Can I use my Walmart, sears , sams club or Home Depot cards in Mexico stores ? Can't seem to find any up to date info on line . Moving there full time so I will close cards I can't use there .Thanks 4 your help !


----------



## horseshoe846 (Feb 8, 2017)

You can not use any of the US based variants you mention in Mexico. All of those Mexican firms have their own Mexican cards - which can be difficult to acquire (based on length of residency). US Bank cards are honored at all of the places you mention - but in some cases you will pay a mark-up for using the card. Places like Costco - say - have a 'cash' price, which is the same as using the Costco Mexico credit card price - but if you use your US based Bank card you will pay a premium (to Costco).

If/when you cancel your US retail credit cards be sure to ask them to purge your data. There have been too many instances (Target) where someone hacks your info.


----------



## circle110 (Jul 20, 2009)

I'll second what horseshoe846 says. I know because I tried at first... no go.


----------



## TundraGreen (Jul 15, 2010)

I could be wrong, but my recollection is that the US Costco card I had when I first came to Mexico worked at Costco Mexico. It was 10 years ago now, and my memory was never very good, but that is what I remember. I seem to recall renewing it once then I let it drop since I wasn't using Costco much at all.


----------



## RVGRINGO (May 16, 2007)

The Costco membership card is honored. Credit cards are a different story, as discussed above, and always subject to change.


----------



## perropedorro (Mar 19, 2016)

Me Linda said:


> Can I use my Walmart, sears , sams club or Home Depot cards in Mexico stores ? Can't seem to find any up to date info on line . Moving there full time so I will close cards I can't use there .Thanks 4 your help !

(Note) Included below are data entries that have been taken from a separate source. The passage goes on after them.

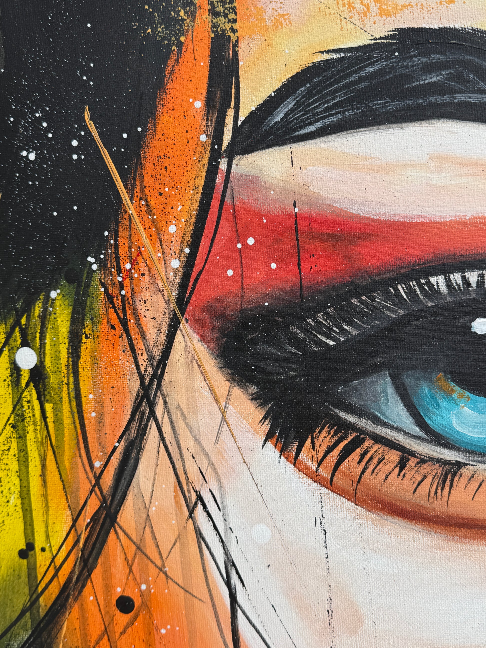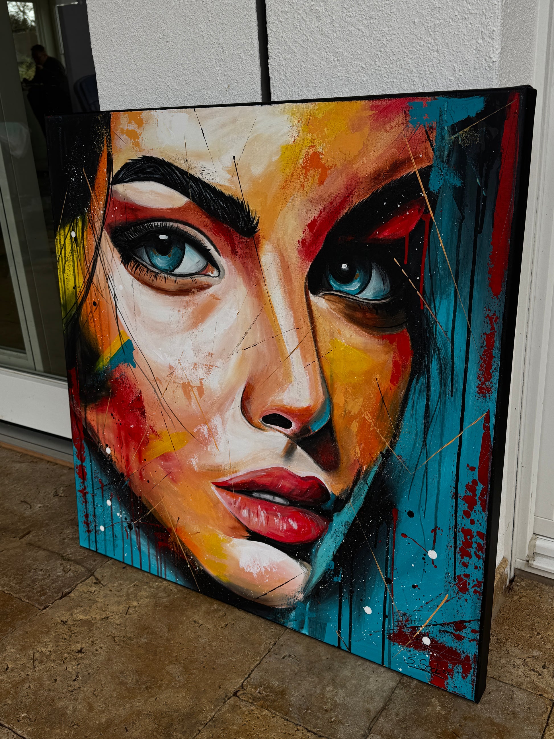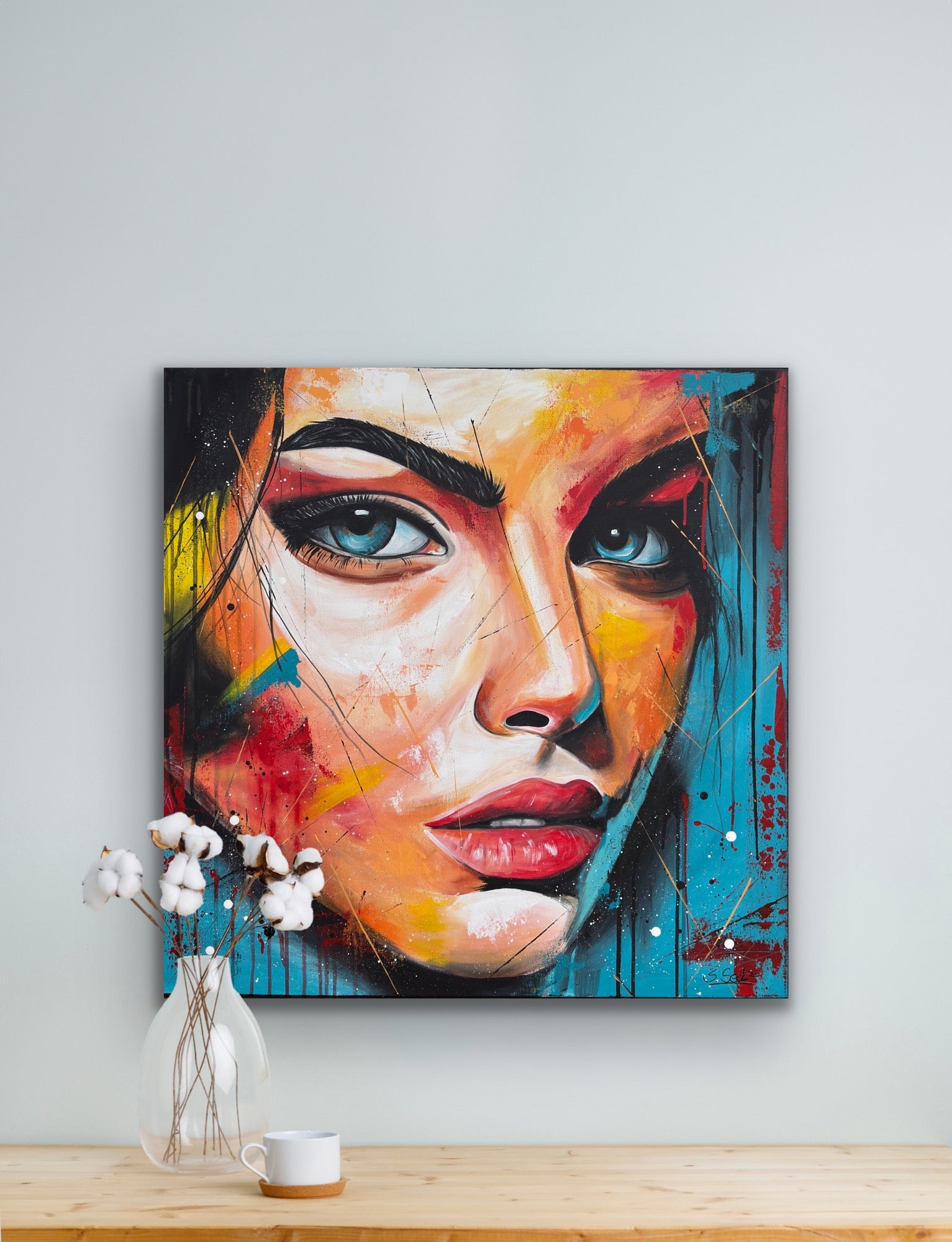Romy ist ein kraftvolles Porträt einer Frau, die genau weiß, was sie möchte. Ihr Blick ist so bedeutend, dass man viel hinein interpretieren kann. Was sie denkt? Was will sie sagen? Welche Emotionen beschätigen sie. Jeder empfindet was anderes, wenn man in ihre tief blauen Augen schaut. Sie geben einen kleinen Blick auf die Seele frei. Was siehst du?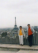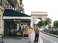 | パリにいる証拠写真です。 凱旋門がみえますね。 東京を夜に発ち、朝にはパリ。 時差ボケも少なく仕事の前の散歩です。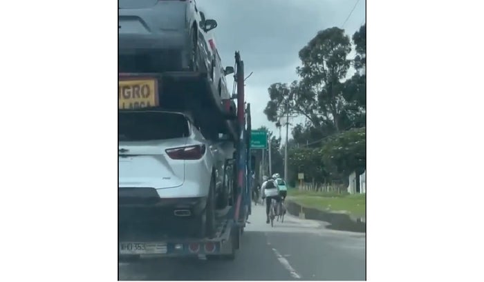 En redes sociales circula un video en el que se observa a dos ciclistas transitando por la vía Bogotá - Funza al lado de un camión de carga larga que llevaba otros vehículos en su parte trasera. Los hechos al parecer ocurrieron el pasado jueves.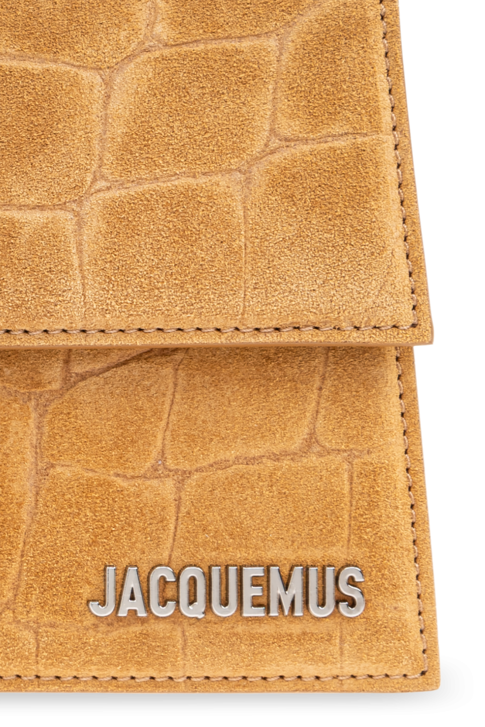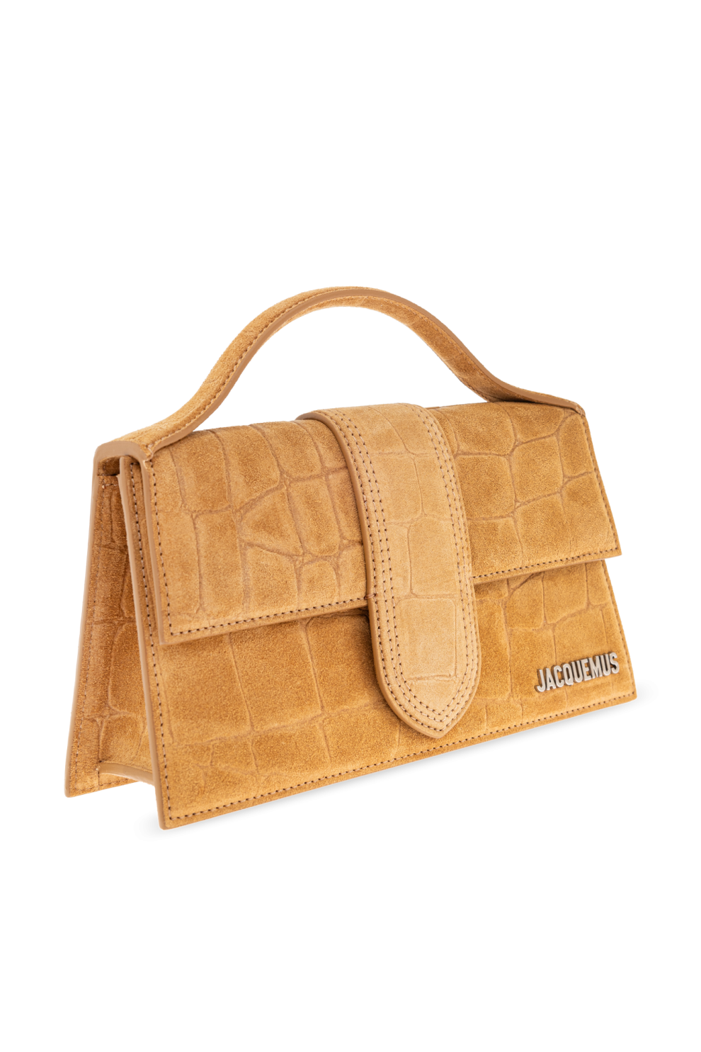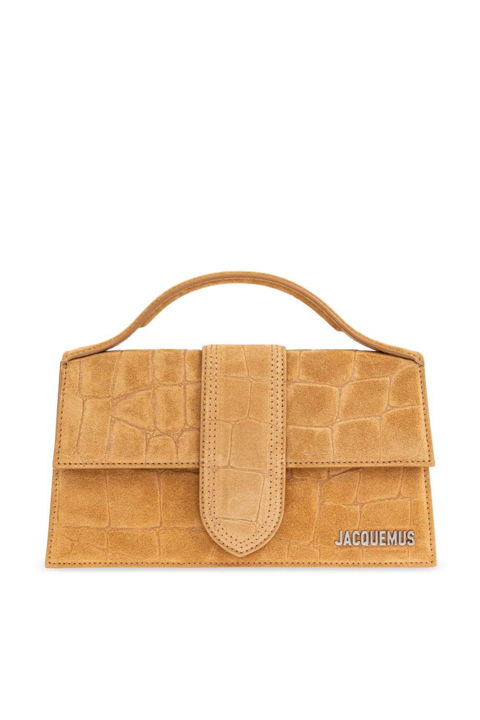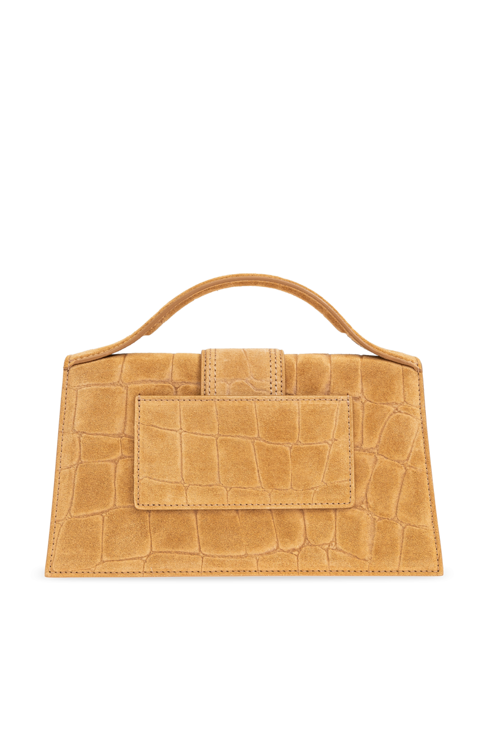 Замшевая сумка через плечо Le Grand Bambino из эксклюзивной коллекции Jacquemus - необыкновенная модель, которая сочетает в себе классическую элегантность и современный дизайн, символизируя роскошь и изысканность. Сумка узнаваемой прямоугольной формы с клапаном, изготовленная из высококачественной телячьей кожи с текстурой, напоминающей кожу крокодила. Доминирующий бежевый цвет обеспечивает универсальность и идеально подходит к любому наряду. Металлический логотип, расположенный спереди, подчеркивает престиж французского бренда. Сумка с короткой ручкой и дополнительным ремнём обеспечивает универсальность переноски. Магнитная застёжка обеспечивает комфорт и безопасность, а внутренняя часть на хлопковой подкладке скрывает дополнительные карманы для дополнительной функциональности.
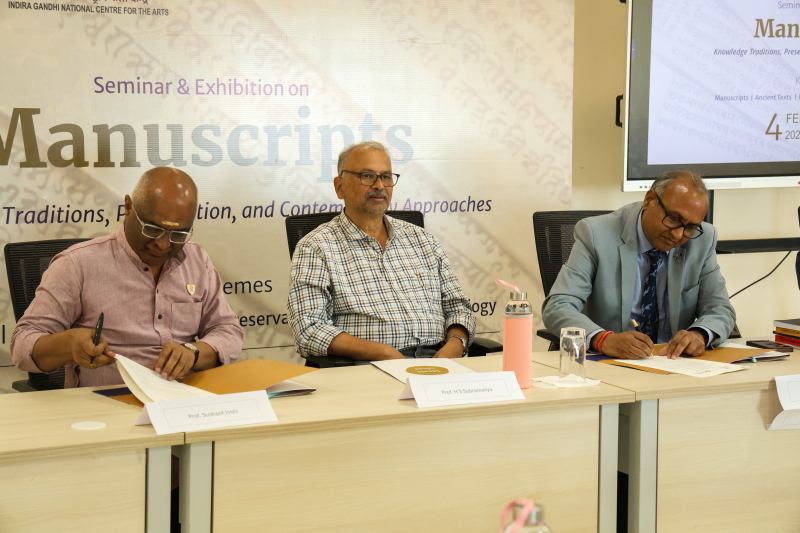 The MoU was signed by Prof. Sushant Joshi, Registrar, Chanakya University, and Dr. Ramesh C. Gaur, Dean (Administration), IGNCA, along with Sri Mahendra D (Bangalore Regional Head, IGNCA), in the august presence of Prof. Subrahmanya, Pro-Vice-Chancellor, Chanakya University. The partnership aims to foster long-term collaboration in academic, archival, and digital initiatives related to Indian knowledge systems and manuscript traditions.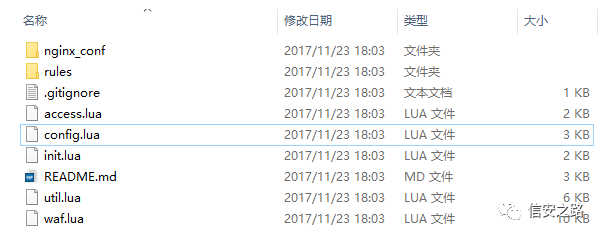 首先看一下整体的目录结构,nginx_conf 目录为参考配置(可删除),rules 目录存放过滤规则,init.lua 加载规则,access.lua 程序启动,config.lua 配置文件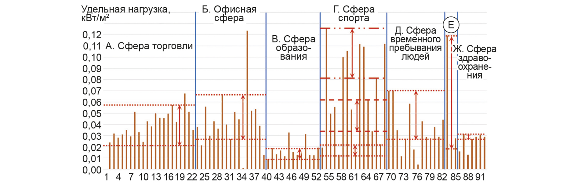 Развитие электротехнологий и повышение энергоэффективности электрических приборов приводит к снижению максимальной электрической нагрузки потребителей. Действующие нормативы для определения расчетных электрических нагрузок общественных зданий, приведенные в РД 34.20.185-94 и СП 256.1325800.2016, не обновлялись более 30 лет. В статье предпринята попытка актуализации методики определения расчетных электрических нагрузок массово сооружаемых общественных зданий селитебных территорий систем электроснабжения городов. Определены типы общественных зданий, для которых необходимо нормировать электрические нагрузки. В качестве исходных данных сформирован массив почасового электропотребления за 3 года по 91 общественному зданию различного назначения. Получено, что фактические максимальные нагрузки существенно меньше действующих нормативов. В условиях современного неоднотипного строительства зданий определено, что удельные электрические нагрузки целесообразно определять на квадратный метр общей площади зданий. На основе рассчитанных удельных электрических нагрузок зданий предложены новые нормативы электрических нагрузок. Применение новых нормативов позволит повысить энергоэффективность вновь сооружаемых линий электропередачи и трансформаторов понижающих подстанций.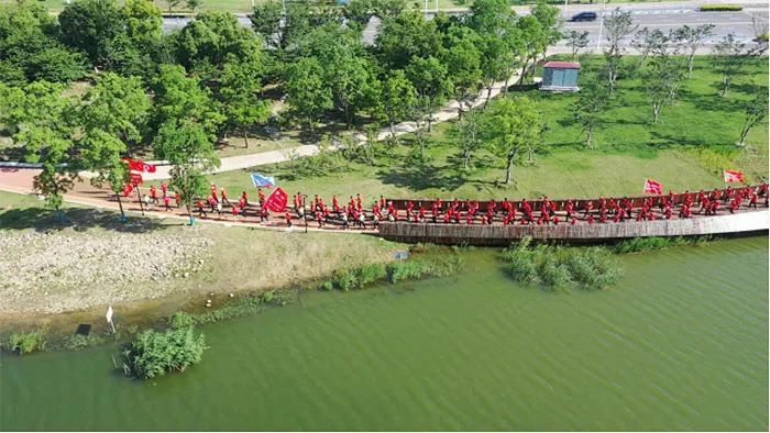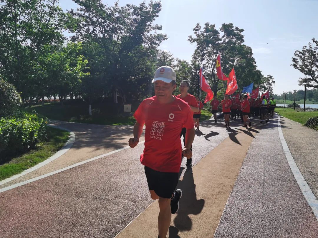 本次健跑活动设计两条路线。一是全程4.23公里,寓意纪念中国人民解放军海军诞生日;二是短程2.1公里,寓意纪念1921年党的诞生和2021年党的百年生日。从高空俯瞰,天禄湖跑道形似中国地图,围湖跑步,寓意“祖国在心中,实践在脚下”。选手们迈步健跑在天禄湖的红色跑道上,大家精神饱满,满心喜悦,用双脚丈量着大地,用情感诠释着奔跑的激情,绘就了一道美丽的风景线。此次活动召开,进一步激发广大党员干部职工爱党爱国和爱岗敬业的热情,大家感慨共产党人的精神血脉和红色基因,更加深切感悟要永远保持锐意创新的勇气、敢为人先的锐气、蓬勃向上的朝气,不忘初心、牢记使命。热血记忆从未远去,红色基因薪火相传,信仰力量澎湃不息。大家奋力奔跑,践行初心使命,为迈入“十四五”新征程、实现“两个一百年”奋斗目标贡献力量!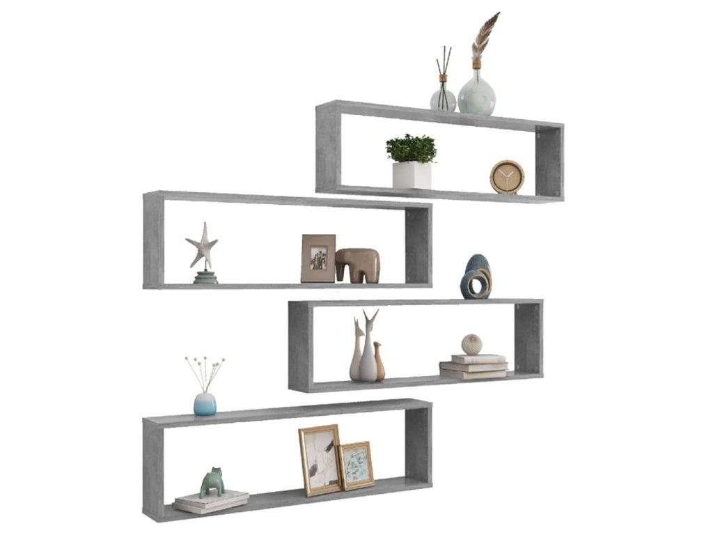 Nástěnné obdélníkové police 4 ks betonově šedé 100 x 15 x 30 cm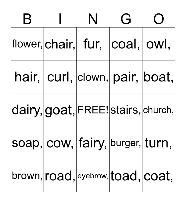This bingo card has a free space and 25 words: cow,, eyebrow,, clown,, brown,, owl,, flower,, hair,, chair,, stairs,, fairy,, pair,, dairy,, burger,, turn,, curl,, nurse,, church,, fur,, boat,, goat,, coat,, road,, soap,, coal, and toad,.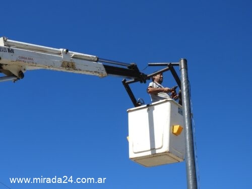 Los trabajos son realizados en forma conjunta por personal municipal de la delegación, a cargo de Jorge Villarmea, y el los equipos de la Secretaría de Servicios de electricidad e iluminación.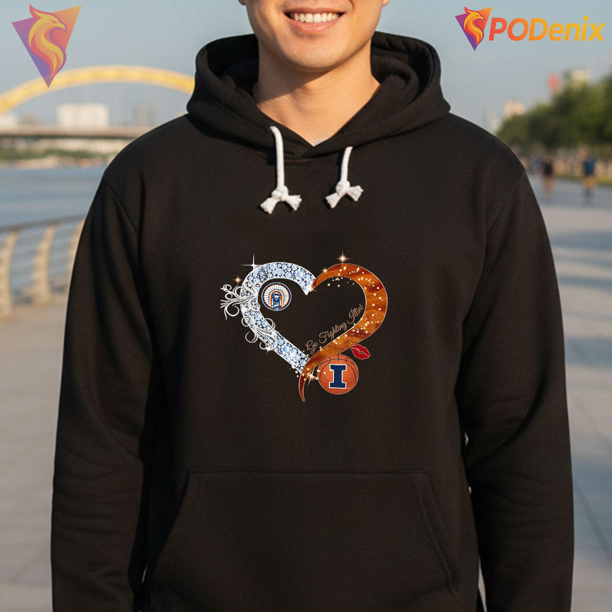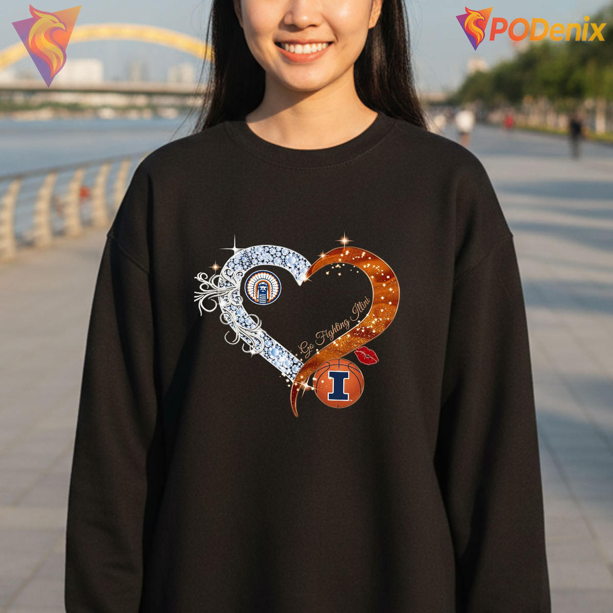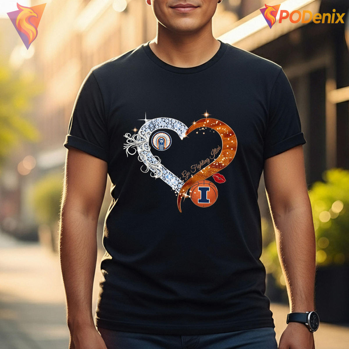 Elevate your game-day wardrobe with this stunning Illinois Fighting Illini women’s basketball shirt, designed specifically for the fashion-forward fan. Set against a classic dark background, this striking piece features a dazzling half-diamond, half-glitter heart motif that perfectly captures your team spirit with a touch of glamour.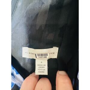 ML MONIQUE LHUILLIER Blue Black Melanie V-Neck Maxi Chiffon Dress size 6

Probably not, and that's from experience re: Home Depot. They'll offer you a Mexican version of such but don't take it, or any other Mexican CC which have rapacious terms and interest rates. Stick with a US credit card that has a 0% foreign transaction fee and get an account at a Mexican bank that offers a no fee debit card. That's all you should need. As far as Costco membership, your U.S. card is good in Mexico, and vise-versa. Mexican membership fees are about half as much as in the U.S.


----------